Targeted Hand Exercises for Survivors of Stroke Using Therapy Putty

This video shows you some ways you can use therapy putty to help stretch out and strengthen the muscles in your hands and fingers of your stroke affected side. This video is a follow-up to a previous video which show you how to make your own therapy putty at home.

These exercises will focus primarily on extension since increased flexion in the hand and arm is common among many survivors of stroke.

Before You Begin & Warm-Up (0:59-3:01)

Since the putty itself cannot be cleaned or sanitized, wash your hands before handling and use a clean surface. This helps ensure the putty will last longer.

Before we get started with the therapy putty, it’s important to warm up your joints first. Use your unaffected hand as needed to help with these movements. If your joints are particularly tight, be sure to go slow and pause the video as needed to properly stretch.

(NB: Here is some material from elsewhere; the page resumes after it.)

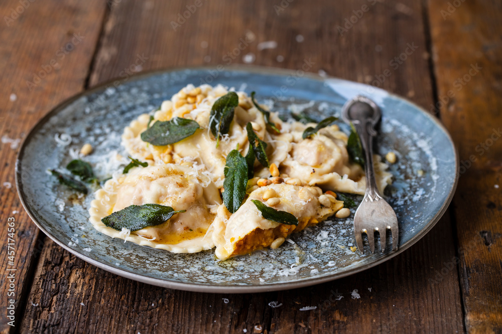 Tableau sur toile Home made pumpkin ravioli with crispy sage leaves and pinenuts

Place your affected hand palm up on a flat surface and let’s start by getting your thumb moving.

Finger Scissors (3:02 - 4:16)

You will only need about half of the putty for this exercise.

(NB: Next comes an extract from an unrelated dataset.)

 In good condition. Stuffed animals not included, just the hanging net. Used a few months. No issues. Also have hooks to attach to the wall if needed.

  • Form a ball and place it between your index and middle fingers just above where the 2 fingers meet.
  • Squeeze the putty with those two fingers, as if they are scissors trying to cut the putty. Your other hand can help if needed, but try to do as much as you can with just those 2 fingers before letting your other hand assist.
  • Reshape the putty into a ball and repeat the process between all fingers.

Rolling a Snake (4:17 - 4:55)

To make a snake, roll the putty back and forth between your hand and the table. Try to keep your fingers straight and roll back and forth to the end of your fingers each time.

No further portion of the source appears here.